An expert panel of two pulmonologists who were blinded to the diagnostic category but not to the objectives of the study, reviewed the patient chart abstractions independently to identify the cases as COPD or non-COPD. Where consensus could not be reached, a third pulmonologist was consulted as the “tie-breaker”. The consensus reached by the expert panel was considered the reference standard for COPD diagnosis. Although, without pulmonary function tests being available for every patient, this reference standard might not be considered the most rigorous possible, it surpasses the standard by which the majority of patients with COPD are diagnosed (i.e., by a lone PCP without pulmonary function tests) and therefore was considered acceptable (Citation[5]). It was felt to be particularly suitable because it was being used to validate a HA definition of physician diagnosed COPD for use in the general population where most COPD is diagnosed by PCPs (Citation[6]). Of note, to facilitate analysis, reviewers were asked to ‘force’ patients into COPD or non- COPD groups even though, in some situations, it might have been appropriate for them to have been in both.

COPD HA definitions

Fields from two HA databases were used to create COPD HA definitions to be evaluated against the reference standard diagnosis. The outpatient database used was the Ontario Health Insurance Plan (OHIP) physician services claims database which contains information on outpatient claims for all Ontario residents (including claims for physician visits, laboratory tests, and diagnostic imaging). Physicians are reimbursed through OHIP by submitting claims for medical services provided. One disease code is provided as part of a claim. The diagnostic codes used to identify COPD OHIP claims are described in . The second database was the Canadian Institute of Health Information (CIHI) discharge abstract database (DAD) which contains clinical and administrative data for every hospital visit in Canada including diagnostic codes from the International Classification of Diseases 10th Revision (ICD-10). CIHI collects 1 most responsible and 24 secondary diagnoses and if any one was for COPD, the hospitalization was considered a COPD hospitalization. Submission of accurate information to the CIHI DAD is mandatory for all hospitals in Canada in order to receive funding. Under its provincial health insurance, the province of Ontario only provides medications for individuals aged 65 and older. Therefore because there was not information on all medication use for all participants, it was not included as a component of the HA definitions.

Determining test characteristics of HA claim algorithms

Patient reference standard diagnoses were linked to their HA record via their unique health insurance number.
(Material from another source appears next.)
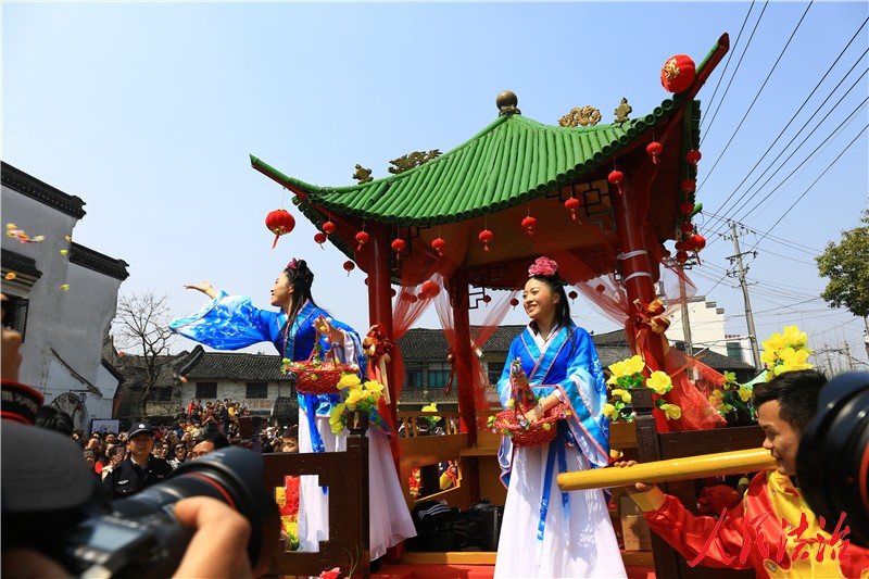 花轿巡游的现场人山人海,观众们摩肩接踵。巡游队伍展示了江南民族舞方队、非遗桑叶龙、秧歌队、喜迎丰收队、腰鼓队、上柏马灯队、木兰扇队、中国传统武术方队、金鹅老龙和骑游队等,让留学生们感受到了浓浓的传统文化节日气氛。蚕花姑娘沿途抛洒蚕花,寓意蚕农期待蚕桑生产丰收的心愿。围观的村民和游客们为了讨个好彩头争相接住蚕花,哈萨克斯坦的留学生KRAVETS ADELINA也开心地接住了一朵蚕花!

Predefined COPD HA definitions were compared to the reference standard diagnoses and analyzed using the concepts of diagnostic test evaluation. Specifically, the sensitivity, specificity, positive predictive value (PPV), negative predictive value (NPV), positive likelihood ratio, and negative likelihood ratio of the COPD HA definitions were determined.

RESULTS

Expert panel review

The 442 chart abstractions were given to the expert panel to determine the gold standard reference diagnosis. The overall inter-rater agreement for a COPD diagnosis between the two main reviewers ranged from a kappa of 0.36 to a kappa of 0.92 depending on site (). Of the 442 charts reviewed, there were 36 (7.0%) disagreements that were settled by a tie-breaker.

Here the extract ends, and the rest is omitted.